"Not that I know of," answered the head groom. "Tie down that holster, Bill. The thongs are loose--don't you see?"
"Oh, but there must be something in the wind," rejoined the landlord, "the colonel wouldn't ride out so late else."
"Lord bless you!" replied the man, "little you know of his ways. Why, sometimes he'll have us all up at two or three in the morning, just to visit a post of perhaps twenty men. He's a smart officer, I can tell you; and no one must be caught napping in his regiment, that's certain."
"But you have saddled three horses for him!" said the landlord, returning to his axiom; "and he can't ride three at once, any how."
"Ay, but who can tell which he may like to ride?" rejoined the groom, "we shan't know anything about that, till he comes into the stable, most likely."
"And where is he going to, to-night?" asked the landlord.
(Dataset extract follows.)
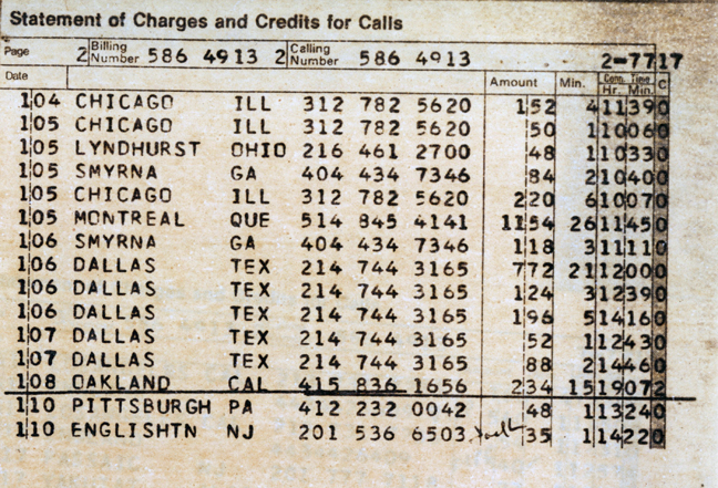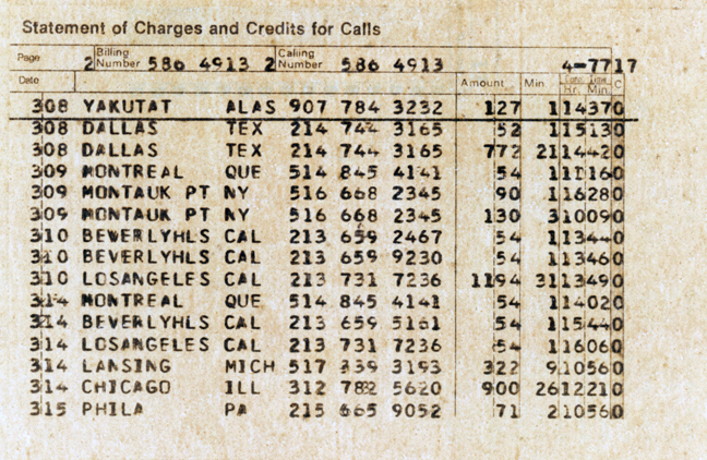 Radley also gave over phone records from Spring 1977 to show that he had tried to contact Susan in both California and Alaska to advise her of his intentions (see underlined records).
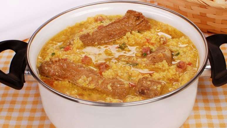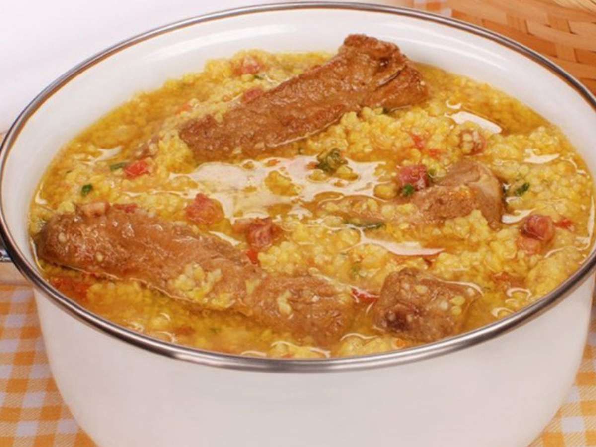 Sopa de canjiquinha com costelinha feita na panela de pressão

"We can't tell that he's going anywhere," answered the man; "but if he does, I should suppose it would be to Folkestone. The major is away on leave, you know; and it is just as likely as not, that he'll go over to see that all's right there."
The worthy host was not altogether satisfied with the information he received; but as he clearly saw that he should get no more, he retired, and went into the tap, to try the dragoons, without being more successful in that quarter than he had been in the stables.
In the meantime, his guest up stairs had finished his letters--had dressed himself in uniform--armed himself, and laid three brace of pistols, charged, upon the table, for the holsters of his saddles; and then taking a large map of the county, he leaned over it, tracing the different roads, which at that time intersected the Weald of Kent. Two or three times he took out his watch; and as the hour of eleven drew near, he began to feel considerable alarm for the fate of poor Mowle.
"If they discover him, they will murder him, to a certainty," he thought; "and I believe a more honest fellow does not live.--It was a rash and foolish undertaking. The measures I have adopted could not fail.--Hark! there is the clock striking. We must lose no more time. We may save him yet, or at all events, avenge him." He then called the soldier from the door, and sent off a messenger to the house of the second officer of Customs, named Birchett, who came up in a few minutes.